Main Article Content

Sonia Sharma
Jagadeesh C Bose. K


Biocatalyst, Microbial Lipase, Therapeutic applications, Modulators of lipase activity


Microbial lipases, in particular, are becoming more valuable because they can speed up a wide range of chemical reactions in both water and dry environments. The global market for lipase is projected to reach USD 797.7 million by 2025, growing at a compound annual growth rate (CAGR) of 6.2% between 2017 and 2025. The creation of novel and improved lipases using molecular techniques is a recent development in the field of lipase research. As an illustration, the merger of controlled enzyme evolution and rational enzyme design to achieve desired features in lipases. As they hydrolysed fats into fatty acids and glycerol at the water—lipid interface and may reverse the reaction in non-aqueous environments, lipases stand out among biocatalysts and have a wide range of biotechnological uses.
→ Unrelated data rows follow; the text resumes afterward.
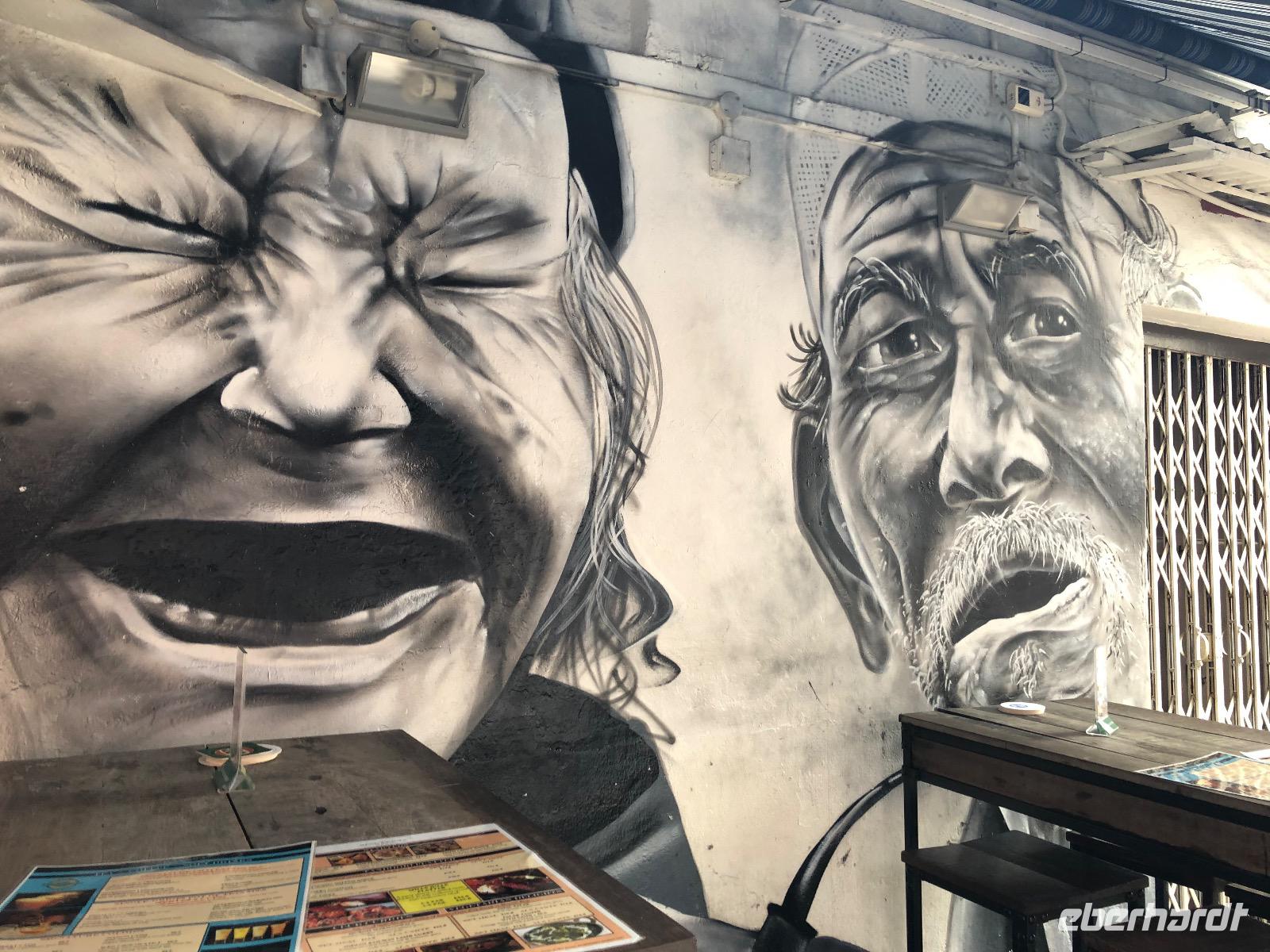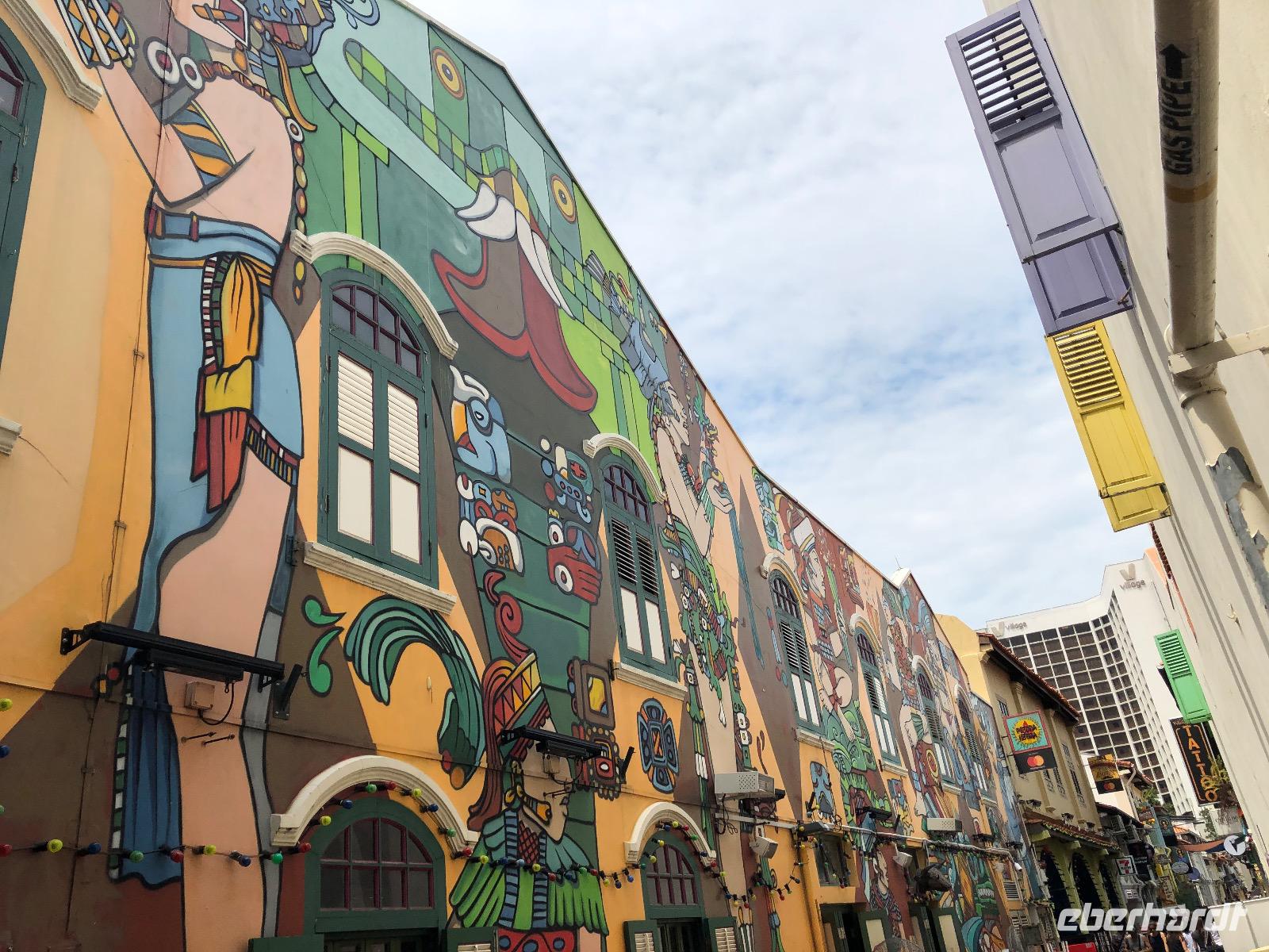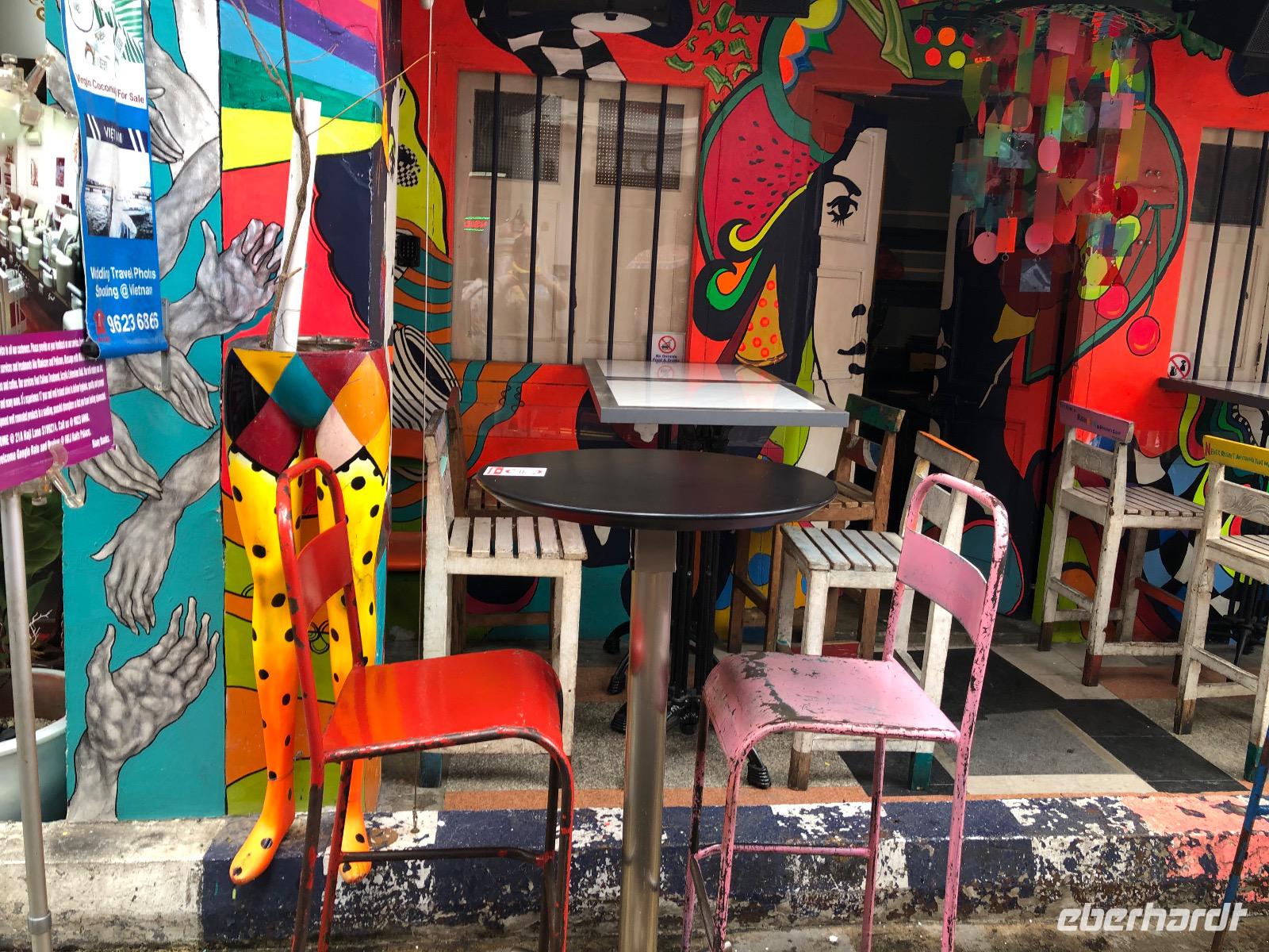 Das berühmte Raffles Hotel hat seit August auch wieder geöffnet. Leider übernachten wir dort nicht, fünfzehntausend Dollar pro Nacht überschreiten dann doch ein wenig unser Budget. Weiter geht es durch das koloniale Viertel, wo sich die schneeweiße Kirche befindet, die aus einem Gemisch mit Eiern angestrichen wurde. Wir überqueren eine Brücke am Fullerton Hotel, die zur Formel Eins Strecke gehört. In Chinatown legen wir unsere Mittagspause ein. Die Schmidtstraße rauf und runter sind überall Garküchen, wo wir für sechs Singapur Dollar (oder mehr) einen Teller Nudeln oder Reis bekommen. Viele Souvenirläden laden zum Shoppen ein und wir besuchen einen buddhistischen Tempel.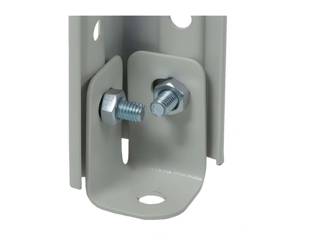 Для крепления к стойке используются два болта и гайки. Чтобы выровнять стеллаж, можно установить регулируемую опору (в комплект не входит).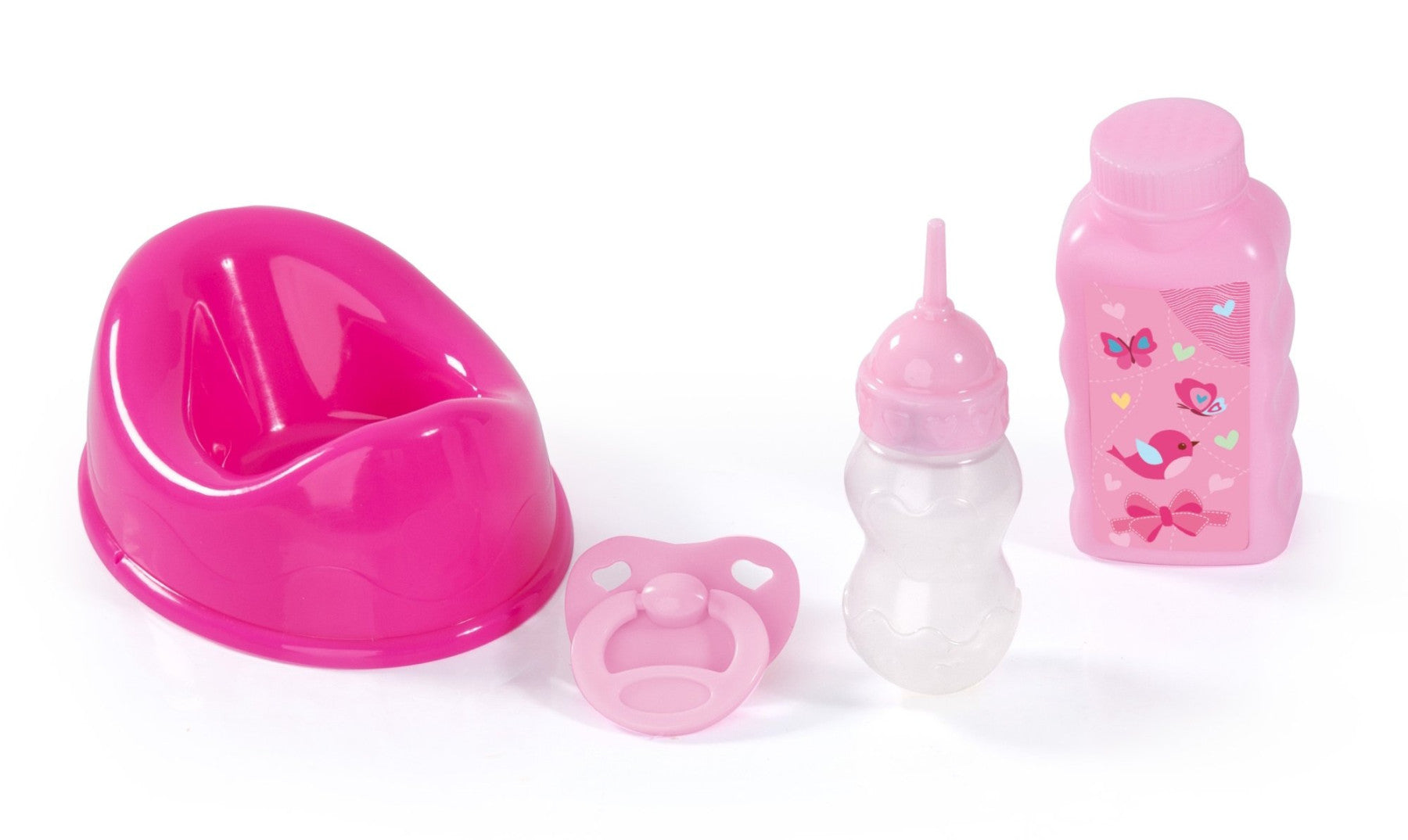 Piccolina Newborn Baby is a cute 30 cm hard body doll with accessories. If you give her the water-filled bottle she immediately has to use her included potty to make pipi! A potty, bottle, baby powder tube and a pacifier are included. Piccolina Newborn Baby wears a cute body with clouds.

These enzymes' remarkable stability in organic solvents has propelled them to the forefront of organic synthesis, where they are being used in the creation of cutting-edge pharmaceuticals, surfactants, bioactive molecules, and oleochemicals. Lipase-catalysed trans- and inter-esterification reactions have also been utilized in the fat industry. Given the breadth of lipase's potential uses, the industrialization of lipase production has been a hot topic amongst microbiologists, process engineers, and biochemists. Microbes, particularly fungi, and bacteria, have been shown to be the preferred production tools in this field of research. Several microbial lipases have had their structures determined recently, expanding our understanding of the enzyme's unusual catalytic mechanism. An overview of lipase-producing bacteria as probiotics, their therapeutic applications, and their immunomodulatory properties is attempted in this paper.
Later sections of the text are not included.